Read The Blue Field Online

Authors: John Moore

The Allies

A Triple Alliance was responsible for this victory: the village, the evicted gypsies, and Lord Orris' daughter Jane.

The weapons employed by the village were mostly very ancient ones, though by no means blunted by time, the weapons of boycott, obstinacy, petty obstructiveness, and assumed stupidity. Hardly anybody, for instance, would work for the Syndicate; they could get no domestic help, no gardeners, and few labourers on their farms. When they obtained servants from elsewhere the village proceeded to undermine the morale of these servants by various subtle and ingenious means, ranging from suggestions that the Manor was haunted, or that everybody who lived there for more than three months died of TB, to more libellous allegations that the members of the Syndicate sacrificed goats to Satan, performed the Black Mass, and practised unnatural vices. (There was a private chapel in the Manor grounds in which generations of Orrises had worshipped God, and one Lord Orris, assisted by Mister Jack Wilkes and some other rapscallions from London, used with great earnestness to worship the Devil.) It had kept its bad name, and the wickedness of the eighteenth-century lord was still legendary in Brensham, which now wished all his known sins on to the Syndicate with the addition of a few invented ones.
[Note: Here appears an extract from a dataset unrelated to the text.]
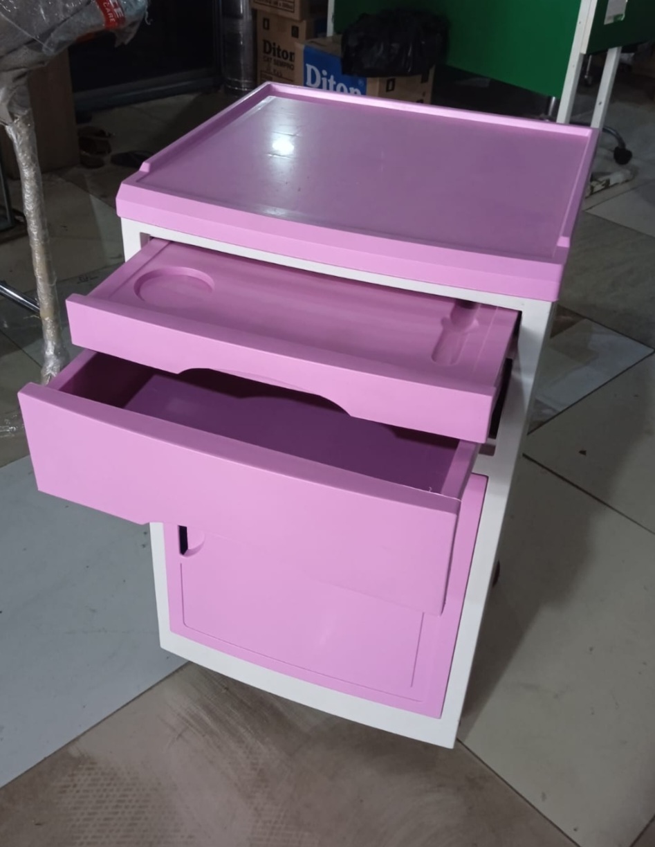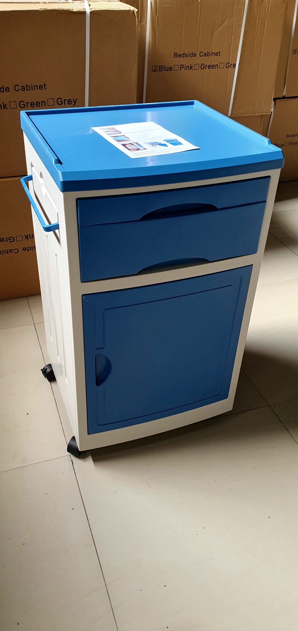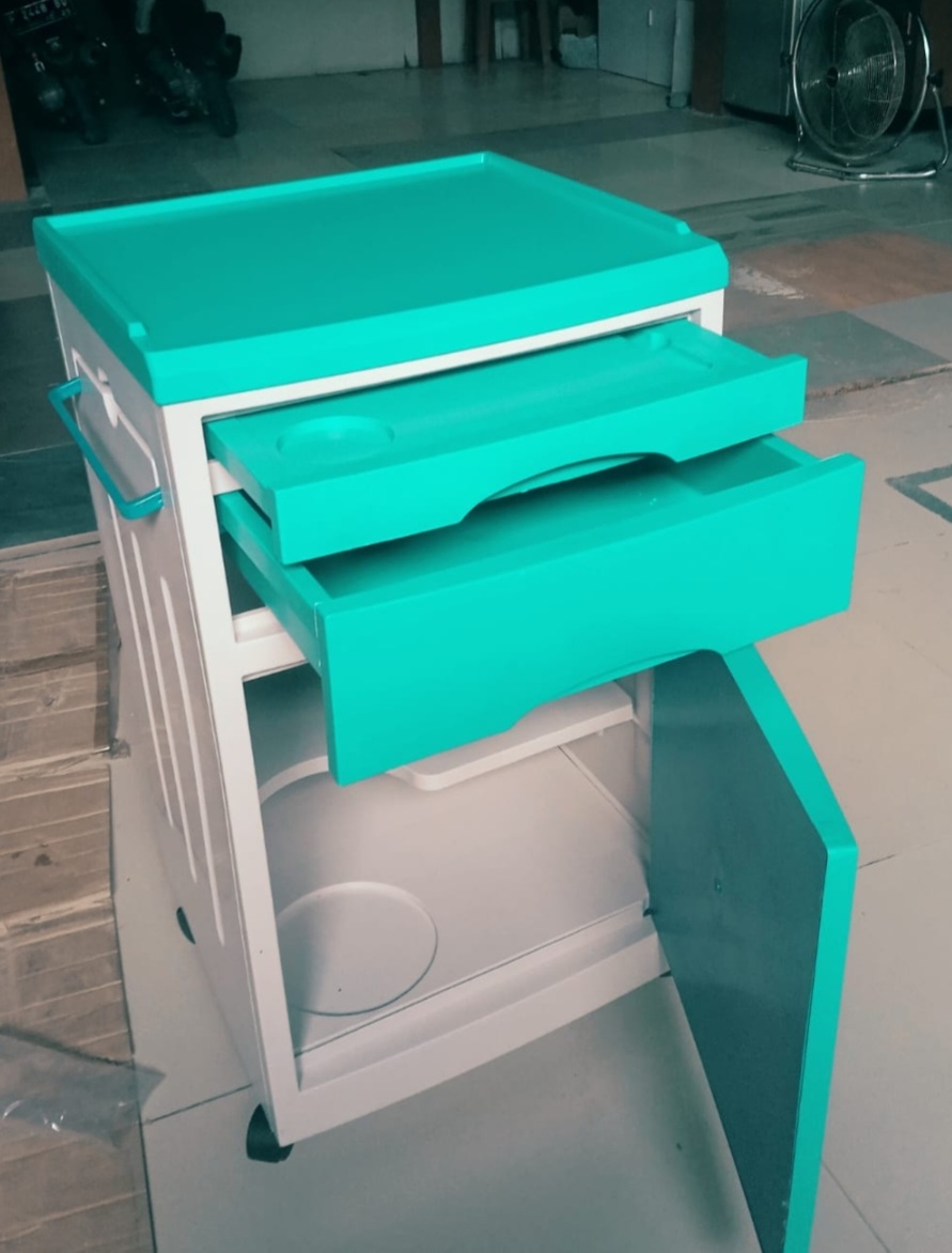 Bedside cabinet abs/Lemari Nakas Pasien berbahan plastikĀ dimensi 45 x 45 x 80 cm, roda 2 inchi. Produk import china. Terdapat mayo,laci, lemari kecil di dalam ada ambalan. Kemasan dalam kardus knock down perkitan sangat mudah.

Another method of dealing with the imported servants, costly but well worth the expense, was simply to make them drunk; and indeed one ancient butler, who needed little encouragement in that direction, became so drunk that he
suffered an attack of the willies during which he set fire to his bedroom. The local Fire Brigade, called to quell the outbreak, took care to play their hoses unnecessarily upon every piece of furniture in the house which looked as if it might possess any value.

‘
Exercise Paratroops'

It was about this time that the Home Guard took a hand in the affair. During one of the recurrent ‘flaps', when the risk of invasion seemed very real, Joe Trentfield was instructed to inform the neighbourhood as tactfully as possible that there was a chance of enemy parachutists landing on Brensham Hill. Carrying out these orders, he called at Orris Park, where the drunken butler ushered him into an oak-panelled entrance-hall decorated with stags' heads bought at a taxidermist's and suits of armour picked up at a junk merchant's. Joe was kept waiting a long time in this chilly place, which did not accord with his sense of his own dignity, whether he regarded himself as the not-unimportant landlord of the Horse and Harrow or as a Lieutenant in His Majesty's Home Guard. At last there came down to him (said Joe) ‘one of the furry women', whom he might have mistaken for a pack of silver foxes save for her pale peaky face which peered out between the heads and tails. She addressed him as ‘My man', which added nothing to Joe's regard for her; so he delivered his message sharply and urgently, going a bit beyond his orders perhaps and ‘slightly exaggerating', as he put it, the risk of parachutists landing on the hill. ‘We've been told to keep a special lookout,' he said, ‘on the Park itself, which being flat would make a likely dropping ground.' He added some hairraising instructions about what to do if the Germans arrived,
and some colourful speculations about what the Germans themselves would do, at which the pale face among the silver foxes went whiter, if possible, than it had been before. At that moment two fat men, and another furry woman, came down the staircase into the hall. Some imp of mischief prompted Joe to say casually:

‘And of course you realize that if the Huns do come they'll probably be wearing British uniforms.'

One of the fat men stammered:

‘B-but do you mean to say that there will be no way of telling f-friend from f-foe?'

‘The Huns,' said Joe grimly, ‘are likely to be the more peremptory.' He then took his leave.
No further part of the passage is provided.